══ Exercise material ══
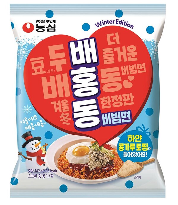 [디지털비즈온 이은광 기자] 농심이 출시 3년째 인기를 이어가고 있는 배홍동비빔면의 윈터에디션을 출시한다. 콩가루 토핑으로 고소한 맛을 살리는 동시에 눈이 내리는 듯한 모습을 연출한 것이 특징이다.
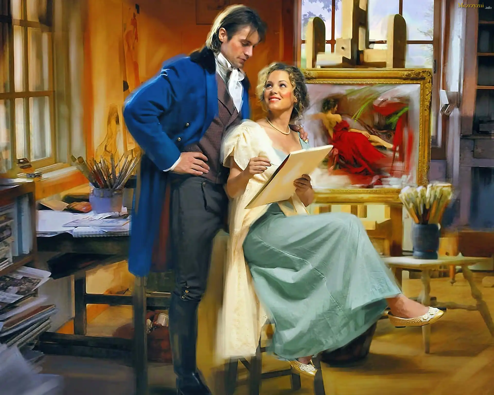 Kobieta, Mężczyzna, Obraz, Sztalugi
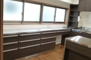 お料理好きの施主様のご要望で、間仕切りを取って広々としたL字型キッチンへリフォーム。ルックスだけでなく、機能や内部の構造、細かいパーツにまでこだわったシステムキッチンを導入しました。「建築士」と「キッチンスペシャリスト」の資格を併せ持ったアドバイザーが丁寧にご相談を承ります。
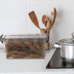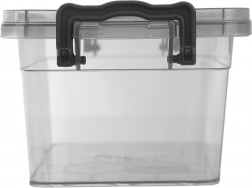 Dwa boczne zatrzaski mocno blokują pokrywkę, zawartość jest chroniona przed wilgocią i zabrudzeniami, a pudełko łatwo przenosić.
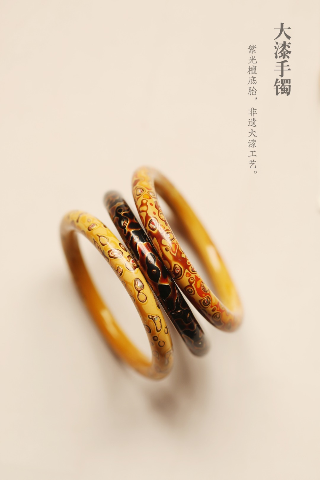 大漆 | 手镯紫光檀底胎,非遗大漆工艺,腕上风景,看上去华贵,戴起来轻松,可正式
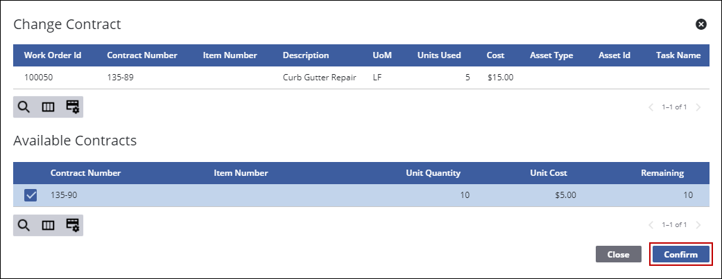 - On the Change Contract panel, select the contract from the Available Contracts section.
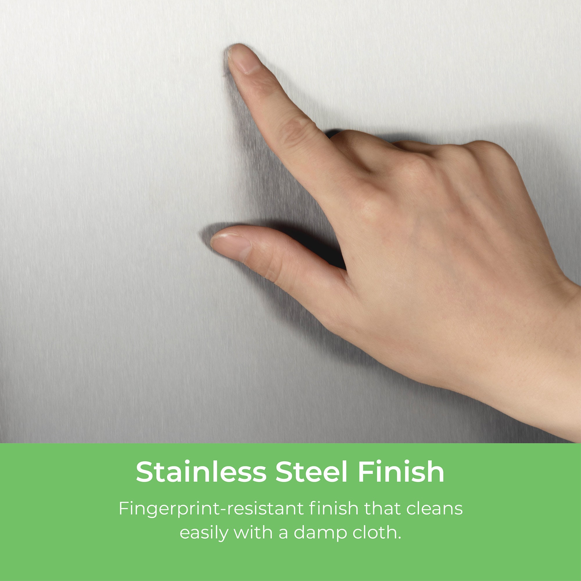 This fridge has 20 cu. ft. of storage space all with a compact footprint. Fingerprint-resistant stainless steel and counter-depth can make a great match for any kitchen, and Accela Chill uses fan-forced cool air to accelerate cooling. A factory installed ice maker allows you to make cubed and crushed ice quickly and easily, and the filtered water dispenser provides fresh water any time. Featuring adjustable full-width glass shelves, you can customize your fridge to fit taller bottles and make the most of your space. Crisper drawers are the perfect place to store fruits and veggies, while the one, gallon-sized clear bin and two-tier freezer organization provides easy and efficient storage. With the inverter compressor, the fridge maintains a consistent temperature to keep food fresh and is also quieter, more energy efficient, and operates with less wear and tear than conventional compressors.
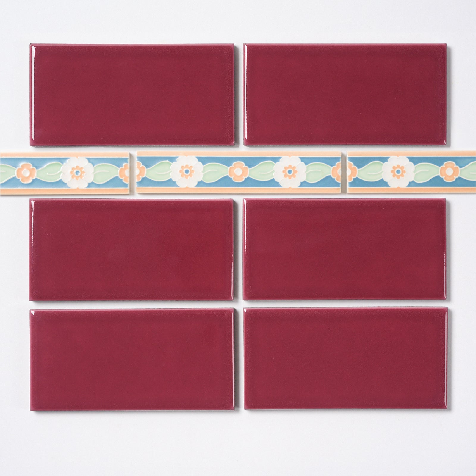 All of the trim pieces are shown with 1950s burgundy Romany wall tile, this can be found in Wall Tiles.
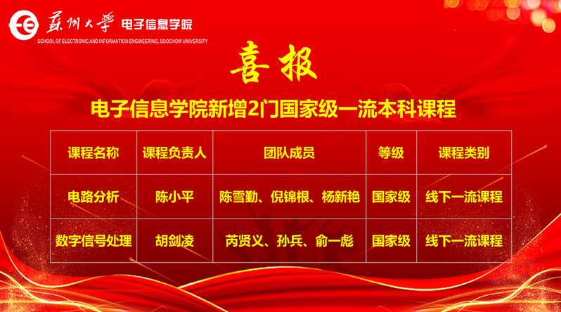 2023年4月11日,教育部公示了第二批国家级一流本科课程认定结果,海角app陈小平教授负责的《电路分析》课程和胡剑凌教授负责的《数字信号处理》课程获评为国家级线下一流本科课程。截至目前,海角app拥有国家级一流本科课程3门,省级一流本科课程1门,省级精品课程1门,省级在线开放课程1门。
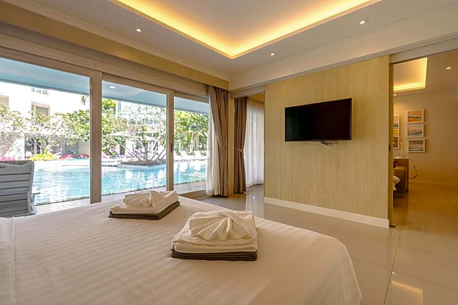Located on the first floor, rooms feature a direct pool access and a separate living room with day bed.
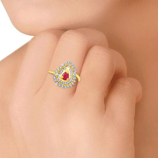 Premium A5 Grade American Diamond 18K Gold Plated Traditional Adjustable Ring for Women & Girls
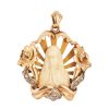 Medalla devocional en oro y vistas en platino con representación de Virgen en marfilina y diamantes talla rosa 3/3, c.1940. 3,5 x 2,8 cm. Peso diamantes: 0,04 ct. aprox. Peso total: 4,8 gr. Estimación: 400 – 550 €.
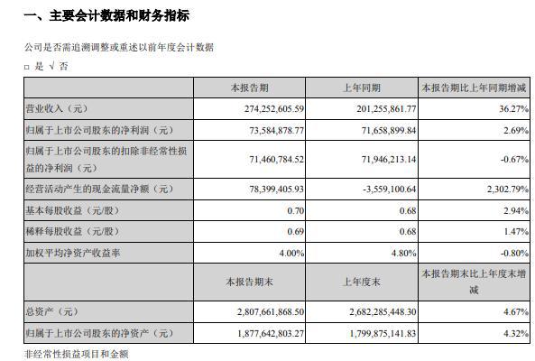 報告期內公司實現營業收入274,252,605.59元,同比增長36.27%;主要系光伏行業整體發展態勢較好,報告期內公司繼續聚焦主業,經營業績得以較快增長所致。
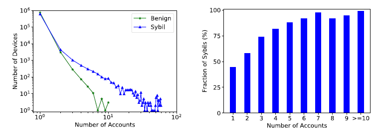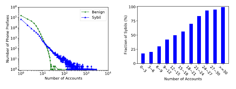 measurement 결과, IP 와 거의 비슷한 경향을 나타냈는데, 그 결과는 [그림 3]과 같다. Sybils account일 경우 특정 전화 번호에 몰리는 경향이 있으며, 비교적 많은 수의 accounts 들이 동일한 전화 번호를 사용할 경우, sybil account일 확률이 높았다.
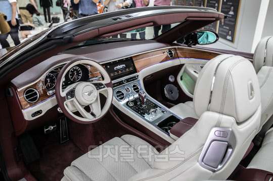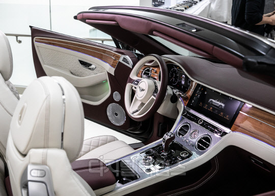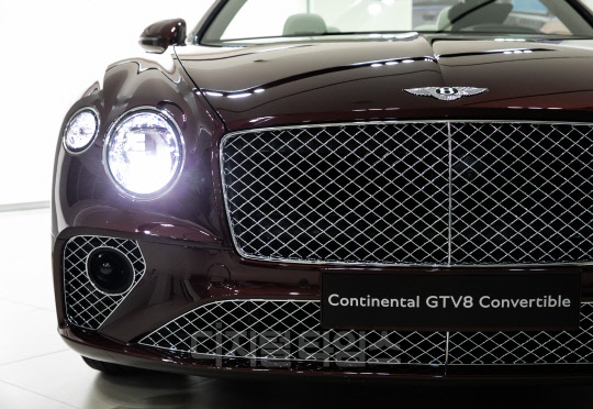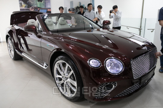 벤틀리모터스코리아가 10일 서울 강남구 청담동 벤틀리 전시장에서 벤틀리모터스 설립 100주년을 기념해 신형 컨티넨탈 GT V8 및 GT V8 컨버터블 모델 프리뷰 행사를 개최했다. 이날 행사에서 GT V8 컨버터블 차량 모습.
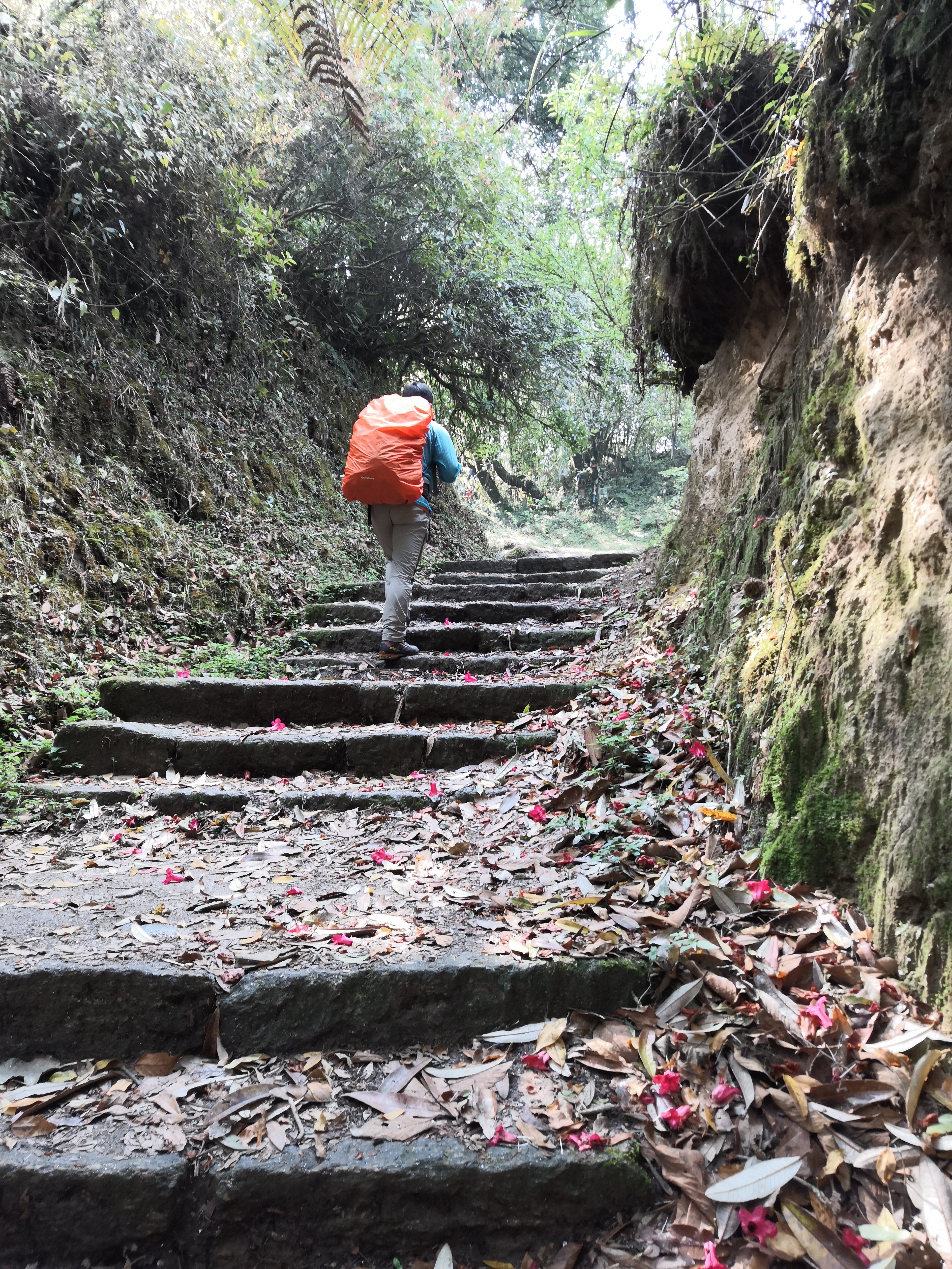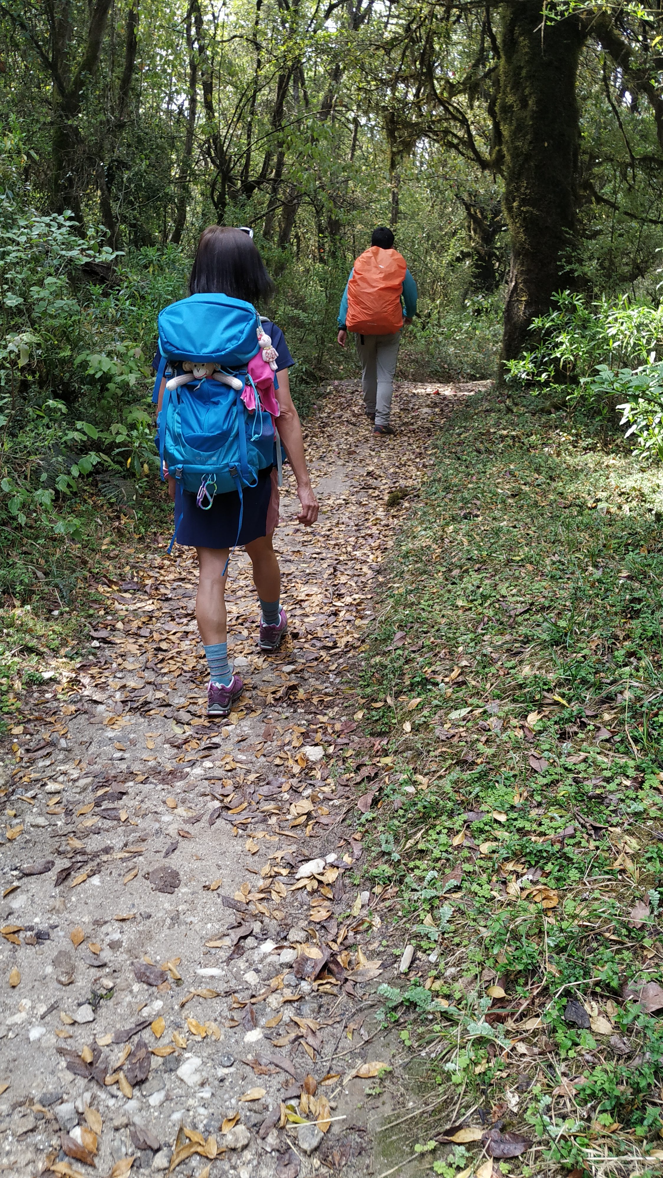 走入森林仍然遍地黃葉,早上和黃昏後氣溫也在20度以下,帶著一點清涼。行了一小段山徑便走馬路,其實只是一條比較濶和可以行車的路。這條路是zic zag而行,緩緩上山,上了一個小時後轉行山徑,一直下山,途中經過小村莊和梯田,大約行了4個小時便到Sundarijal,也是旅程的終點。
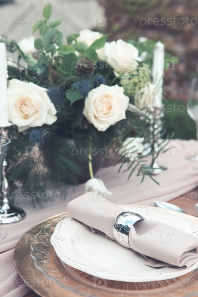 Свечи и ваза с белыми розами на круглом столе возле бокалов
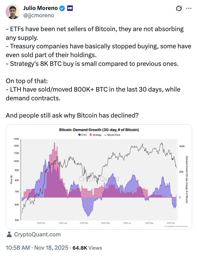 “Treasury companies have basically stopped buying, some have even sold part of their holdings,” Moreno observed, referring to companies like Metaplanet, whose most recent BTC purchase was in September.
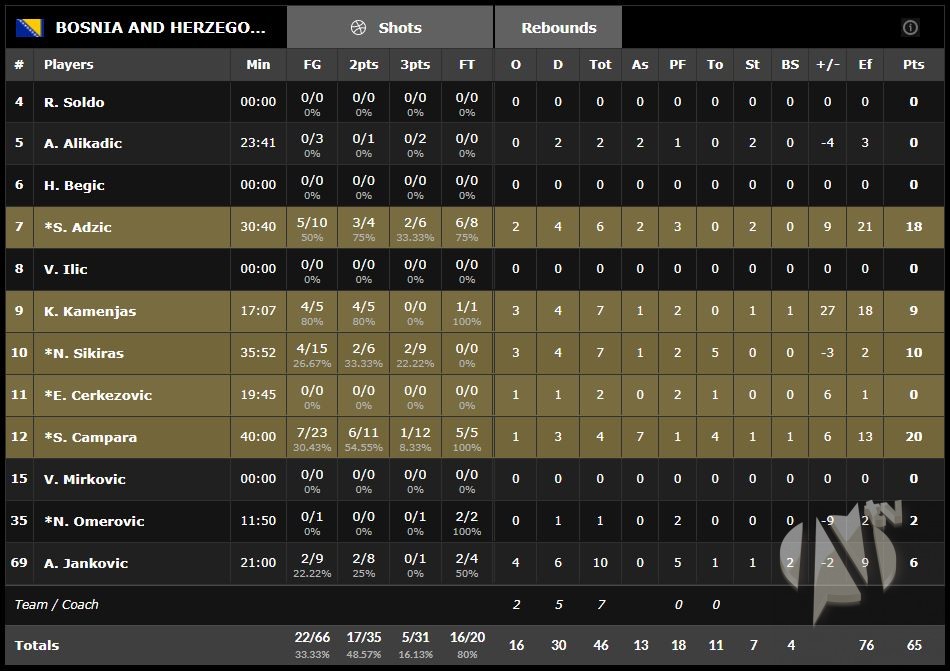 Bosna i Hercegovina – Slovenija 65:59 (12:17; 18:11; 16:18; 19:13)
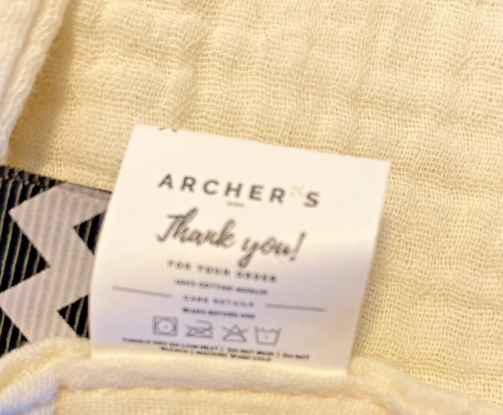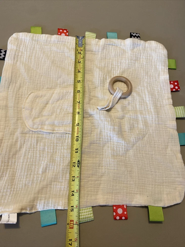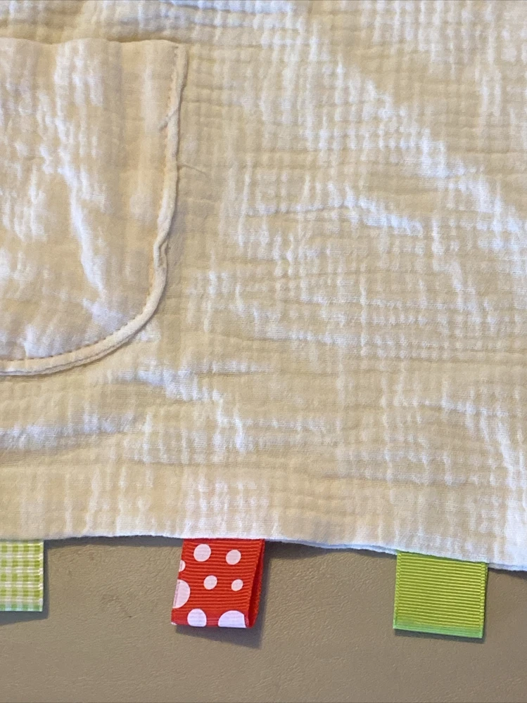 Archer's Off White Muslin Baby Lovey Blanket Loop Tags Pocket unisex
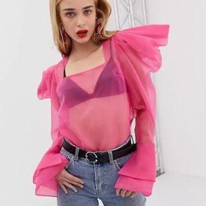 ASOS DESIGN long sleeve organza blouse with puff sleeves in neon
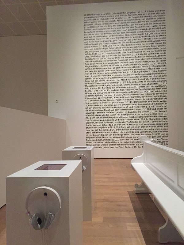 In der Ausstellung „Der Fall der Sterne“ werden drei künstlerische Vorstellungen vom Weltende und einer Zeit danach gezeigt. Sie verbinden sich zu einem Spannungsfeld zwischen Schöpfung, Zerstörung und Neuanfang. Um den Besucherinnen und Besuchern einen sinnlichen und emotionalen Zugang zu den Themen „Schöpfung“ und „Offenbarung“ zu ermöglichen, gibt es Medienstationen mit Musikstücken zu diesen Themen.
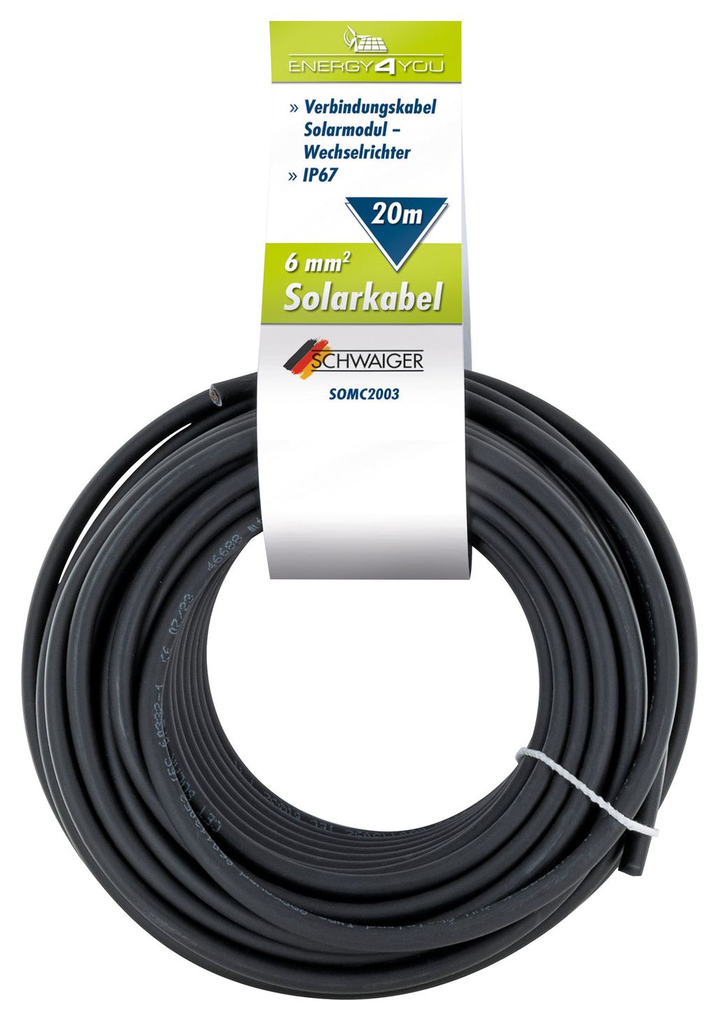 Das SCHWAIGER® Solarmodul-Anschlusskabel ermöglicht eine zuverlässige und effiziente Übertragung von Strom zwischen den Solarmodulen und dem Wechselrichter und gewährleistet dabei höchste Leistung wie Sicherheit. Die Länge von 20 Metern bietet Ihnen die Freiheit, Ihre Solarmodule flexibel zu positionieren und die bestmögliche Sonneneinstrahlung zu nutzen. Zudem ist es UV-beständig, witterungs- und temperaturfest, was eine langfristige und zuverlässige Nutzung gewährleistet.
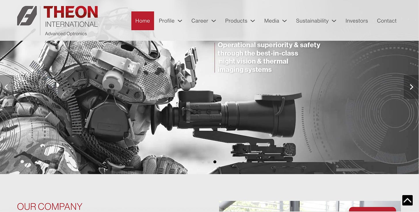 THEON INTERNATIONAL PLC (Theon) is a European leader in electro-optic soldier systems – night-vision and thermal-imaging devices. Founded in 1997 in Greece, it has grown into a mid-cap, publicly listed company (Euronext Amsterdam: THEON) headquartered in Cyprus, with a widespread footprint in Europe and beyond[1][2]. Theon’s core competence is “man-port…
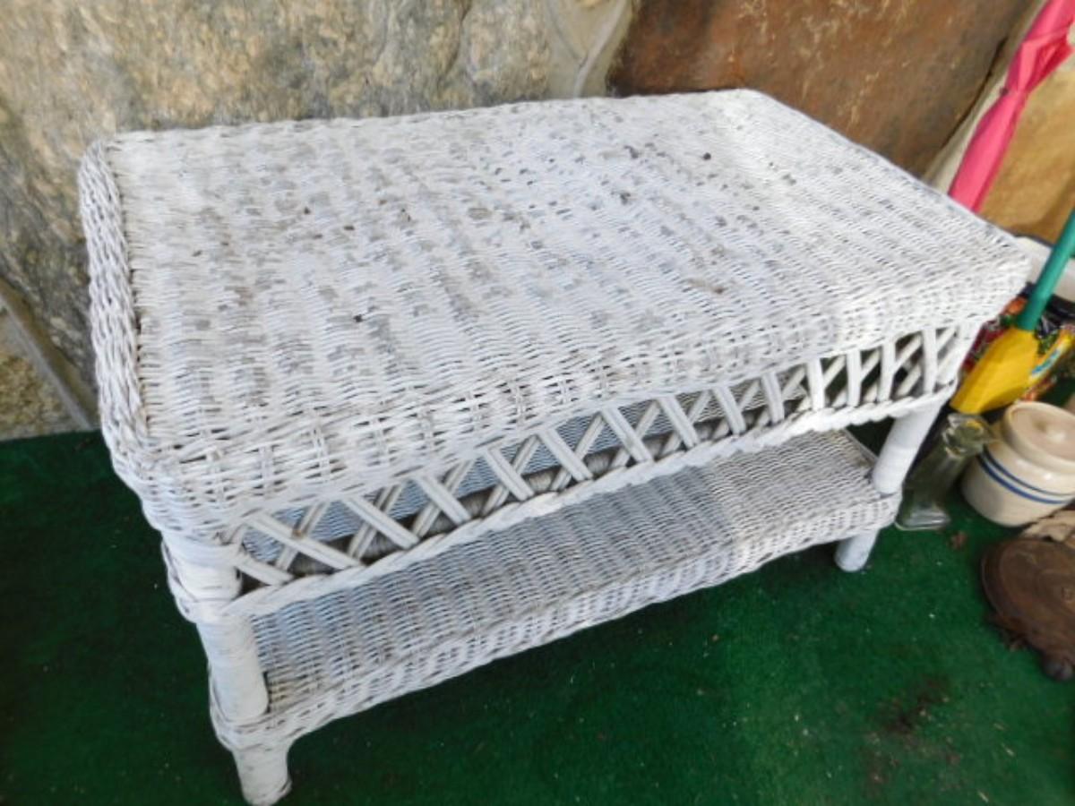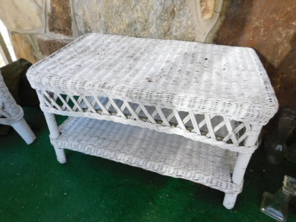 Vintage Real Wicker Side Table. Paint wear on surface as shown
═══
Work request: The required result is an exact copy of the lines from the line containing "THEON INTERNATIONAL PLC" through the end of the entries, with every picture left out.

Written reply:
 THEON INTERNATIONAL PLC (Theon) is a European leader in electro-optic soldier systems – night-vision and thermal-imaging devices. Founded in 1997 in Greece, it has grown into a mid-cap, publicly listed company (Euronext Amsterdam: THEON) headquartered in Cyprus, with a widespread footprint in Europe and beyond[1][2]. Theon’s core competence is “man-port…
 Vintage Real Wicker Side Table. Paint wear on surface as shown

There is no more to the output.